WHAT IS EXPECTED.
All of the data is to be printed exactly, though the images must be left off.

___ EXCERPTED DATA ___

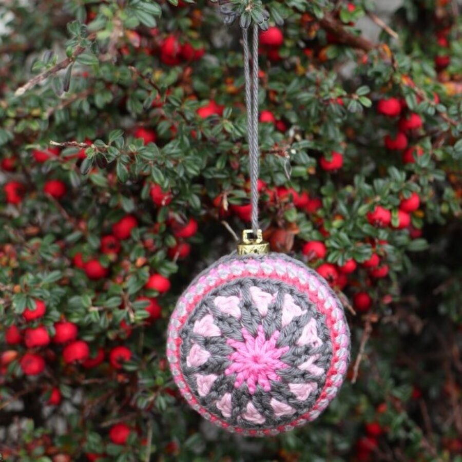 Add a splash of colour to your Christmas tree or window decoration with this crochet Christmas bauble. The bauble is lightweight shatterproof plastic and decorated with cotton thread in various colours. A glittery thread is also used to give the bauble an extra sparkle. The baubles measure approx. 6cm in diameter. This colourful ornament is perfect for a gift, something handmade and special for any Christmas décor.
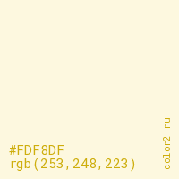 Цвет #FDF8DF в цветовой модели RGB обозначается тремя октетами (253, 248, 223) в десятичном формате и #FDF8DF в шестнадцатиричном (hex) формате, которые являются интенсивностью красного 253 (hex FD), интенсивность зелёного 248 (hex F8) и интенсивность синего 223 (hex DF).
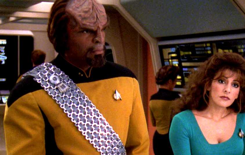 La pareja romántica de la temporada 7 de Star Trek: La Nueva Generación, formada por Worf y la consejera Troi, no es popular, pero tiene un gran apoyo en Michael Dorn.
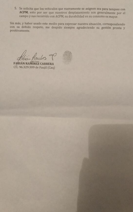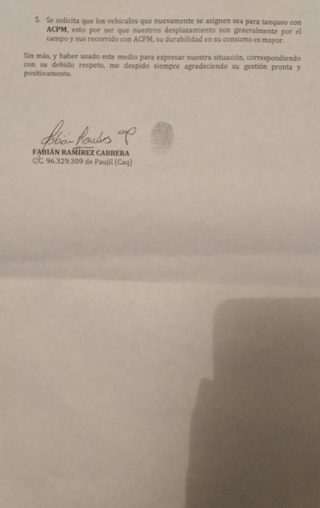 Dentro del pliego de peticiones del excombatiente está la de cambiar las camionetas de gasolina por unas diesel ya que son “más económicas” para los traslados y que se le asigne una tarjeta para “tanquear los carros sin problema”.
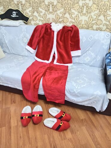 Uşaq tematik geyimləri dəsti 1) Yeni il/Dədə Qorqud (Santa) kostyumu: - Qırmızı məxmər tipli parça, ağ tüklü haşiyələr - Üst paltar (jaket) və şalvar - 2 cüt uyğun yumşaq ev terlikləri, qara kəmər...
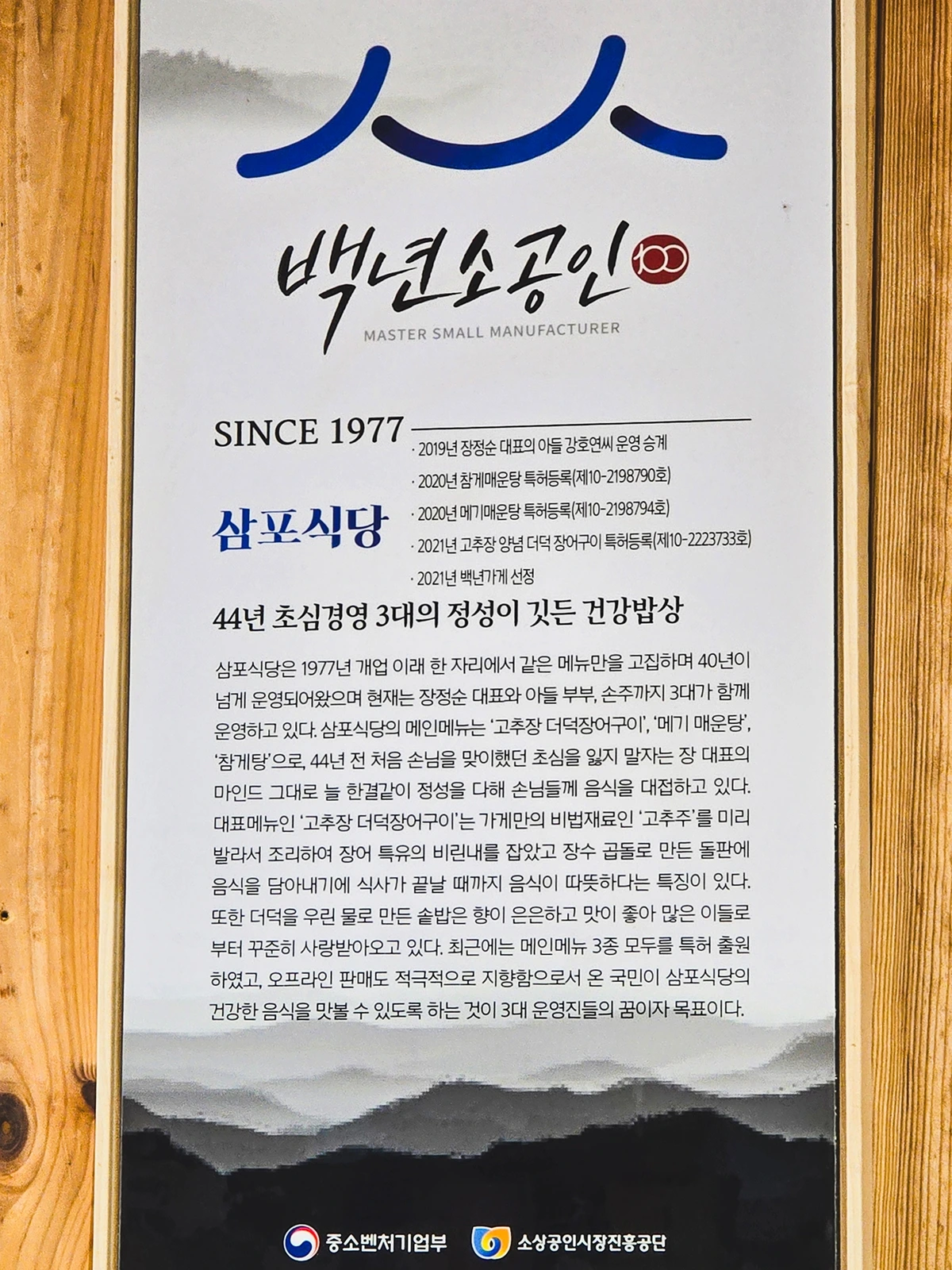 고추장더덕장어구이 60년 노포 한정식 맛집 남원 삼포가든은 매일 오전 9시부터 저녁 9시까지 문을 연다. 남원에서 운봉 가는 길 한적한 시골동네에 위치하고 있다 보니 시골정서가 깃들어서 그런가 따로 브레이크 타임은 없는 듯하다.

___

THE ANSWER.
 Add a splash of colour to your Christmas tree or window decoration with this crochet Christmas bauble. The bauble is lightweight shatterproof plastic and decorated with cotton thread in various colours. A glittery thread is also used to give the bauble an extra sparkle. The baubles measure approx. 6cm in diameter. This colourful ornament is perfect for a gift, something handmade and special for any Christmas décor.
 Цвет #FDF8DF в цветовой модели RGB обозначается тремя октетами (253, 248, 223) в десятичном формате и #FDF8DF в шестнадцатиричном (hex) формате, которые являются интенсивностью красного 253 (hex FD), интенсивность зелёного 248 (hex F8) и интенсивность синего 223 (hex DF).
 La pareja romántica de la temporada 7 de Star Trek: La Nueva Generación, formada por Worf y la consejera Troi, no es popular, pero tiene un gran apoyo en Michael Dorn.
 Dentro del pliego de peticiones del excombatiente está la de cambiar las camionetas de gasolina por unas diesel ya que son “más económicas” para los traslados y que se le asigne una tarjeta para “tanquear los carros sin problema”.
 Uşaq tematik geyimləri dəsti 1) Yeni il/Dədə Qorqud (Santa) kostyumu: - Qırmızı məxmər tipli parça, ağ tüklü haşiyələr - Üst paltar (jaket) və şalvar - 2 cüt uyğun yumşaq ev terlikləri, qara kəmər...
 고추장더덕장어구이 60년 노포 한정식 맛집 남원 삼포가든은 매일 오전 9시부터 저녁 9시까지 문을 연다. 남원에서 운봉 가는 길 한적한 시골동네에 위치하고 있다 보니 시골정서가 깃들어서 그런가 따로 브레이크 타임은 없는 듯하다.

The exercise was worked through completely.